Rabbi Gunther Plaut, president of the Central Conference of American Rabbis and Dr. I Abramowitz, president of the Board of Deputies, joined Lankin in his condemnation of the bombing. “The world must know it was an attack on all the Jews — their values and spirit,” Plaut said.

He warned that anti-Semitism is a cancer in society and that it would grow if it was not checked. “The unknown perpetrators of this attack on all the Jews can break windows, and maim and injure, but they can never maim the eternal spirit of the people of Israel,” Plaut declared.

Itz Kalmanowitz, chairman of the Zionist Federation, said the greatest tragedy was that “such outrages were applauded in some parts of the world and by some people in South Africa. The Jewish people will not be intimidated nor placed under pressure. We chose to meet tonight symbolically where our enemies chose to do their dirty work a few days ago.”

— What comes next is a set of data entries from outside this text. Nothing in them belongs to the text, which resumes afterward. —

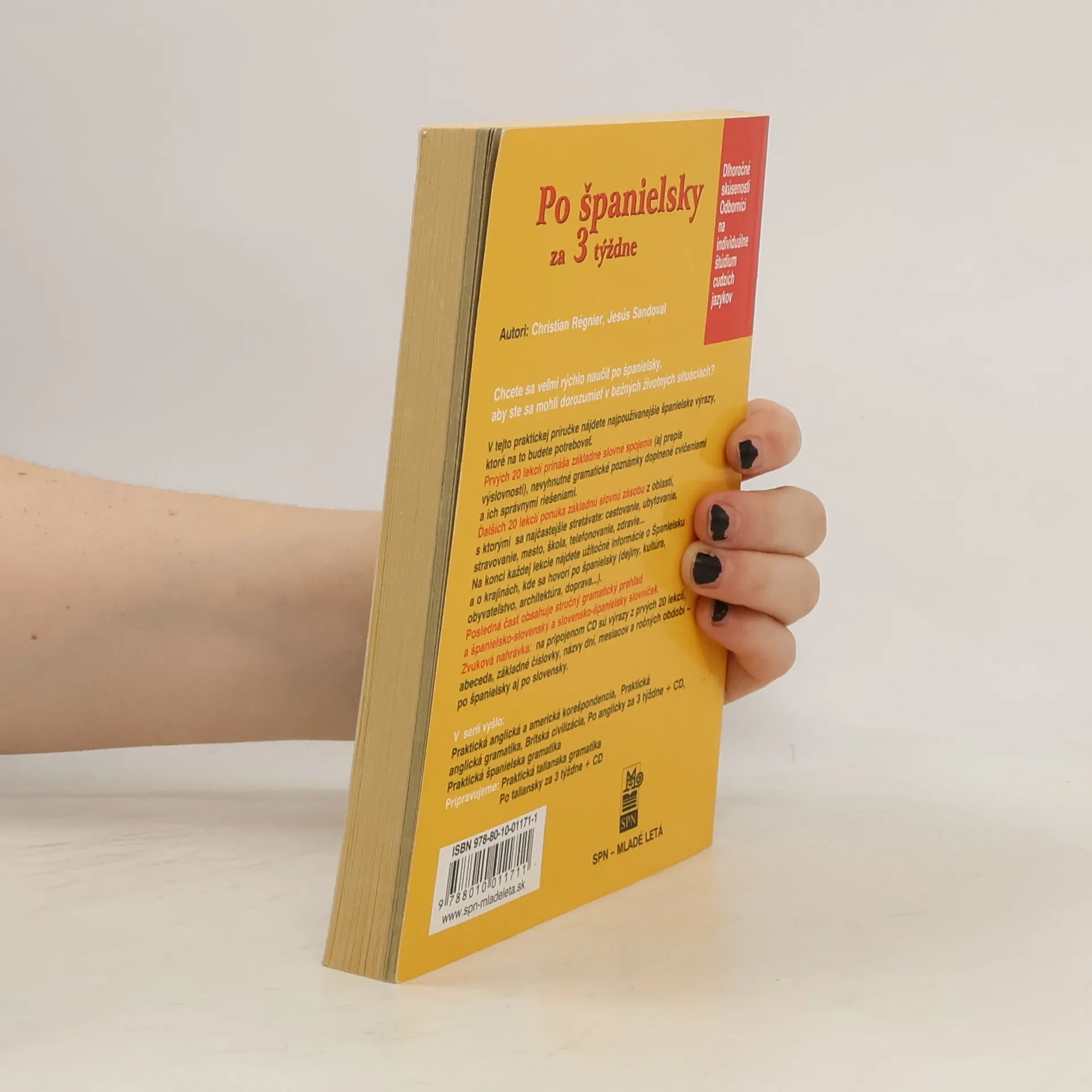 "V tejto praktickej jazykovej príručke nájdete najpoužívanejšie španielske výrazy, ktoré na to budete potrebovať. Prvých 20 lekcií prináša základné slovné spojenia a užitočné gramatické poznámky aj cvičenia, ďalšie lekcie ponúkajú základnú slovnú zásobu z najpoužívanejších oblastí.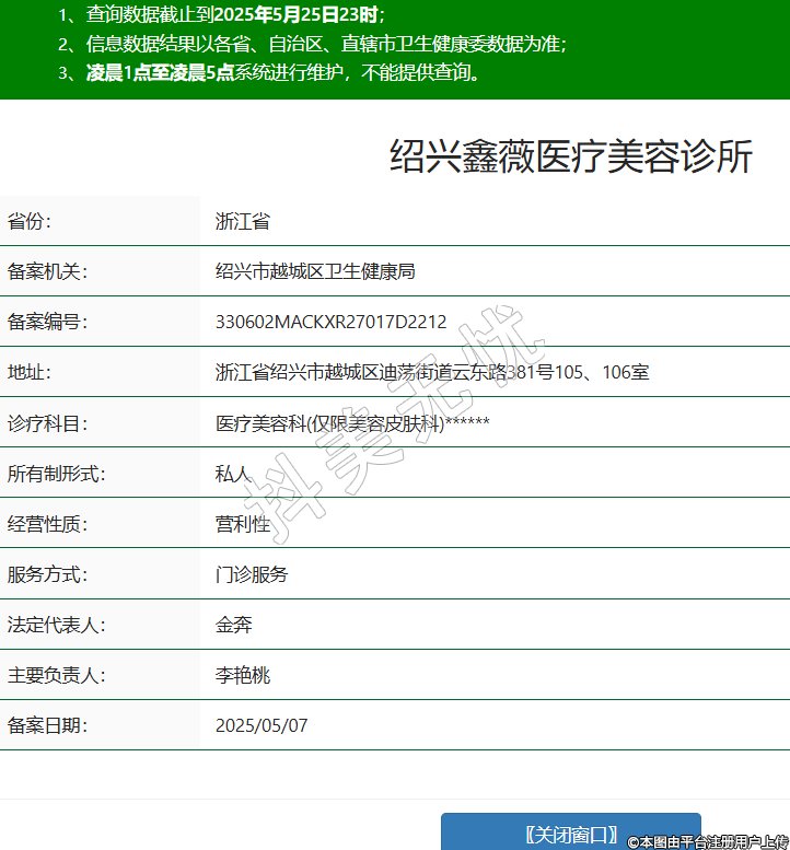 省份:浙江省備案機(jī)關(guān):紹興市越城區(qū)衛(wèi)生健康局備案編號(hào):330602MACKXR27017D2212地址:浙江省紹興市越城區(qū)迪蕩街道云東路381號(hào)105、106室診療科目:醫(yī)療美容科(僅限美容皮膚科)******所有制形式:私人經(jīng)營性質(zhì):營利性服務(wù)方式:門診服務(wù)法定代表人:金奔主要負(fù)責(zé)人:李艷桃備案日期:2025/05/07 -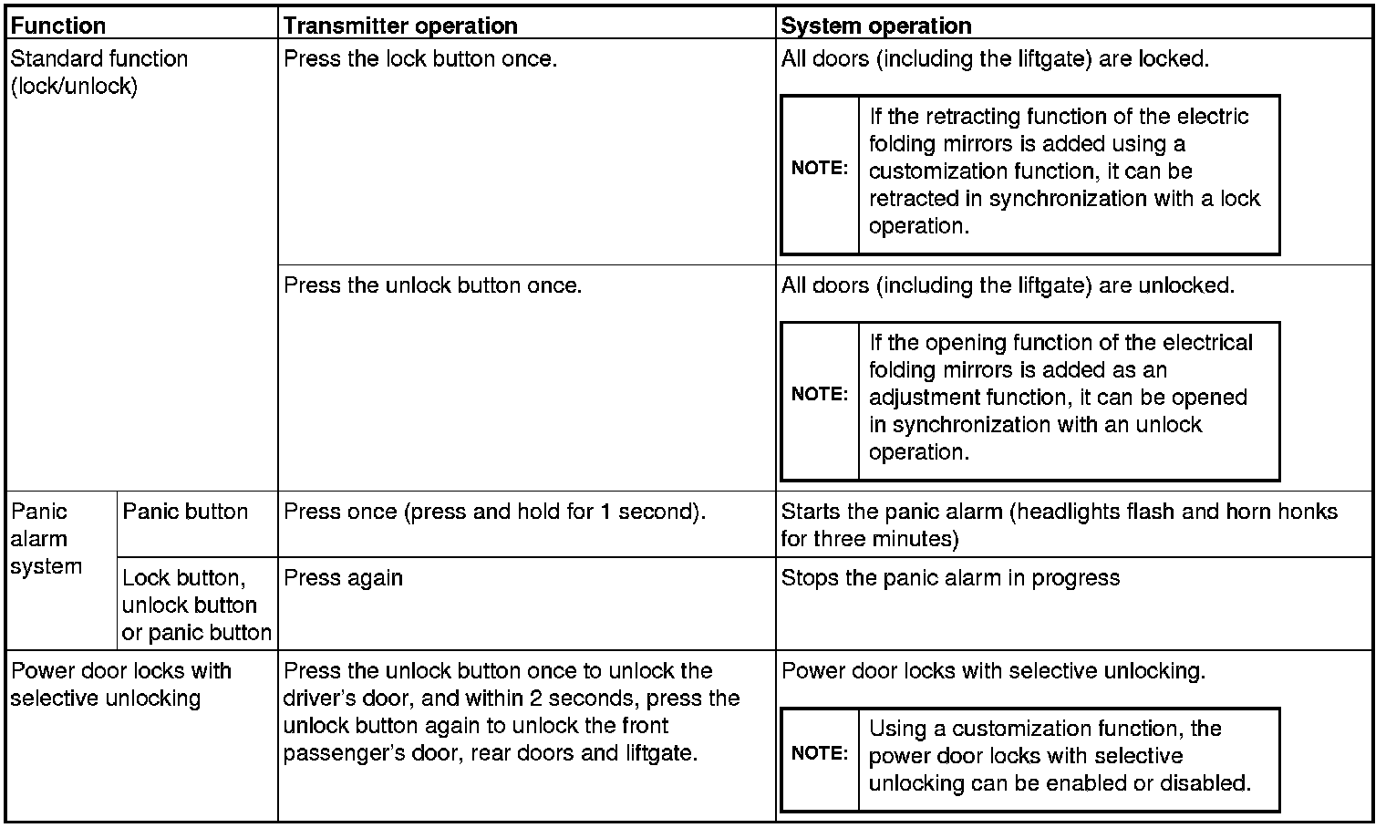- Using a customization function, the power door locks with selective unlocking can be enabled or disabled (Refer to Configuration Function ).

Julius Weinstein, president of the Zionist Federation, said the bomb attack served only to unite the Jewish community further. “We are one people and we stand together determined in our resolve,” he said. “We will not be intimidated by any acts of violence.”

Telegrams from all over the world were sent by Jews and non-Jews condemning the attack and expressing sympathy with the Jewish community.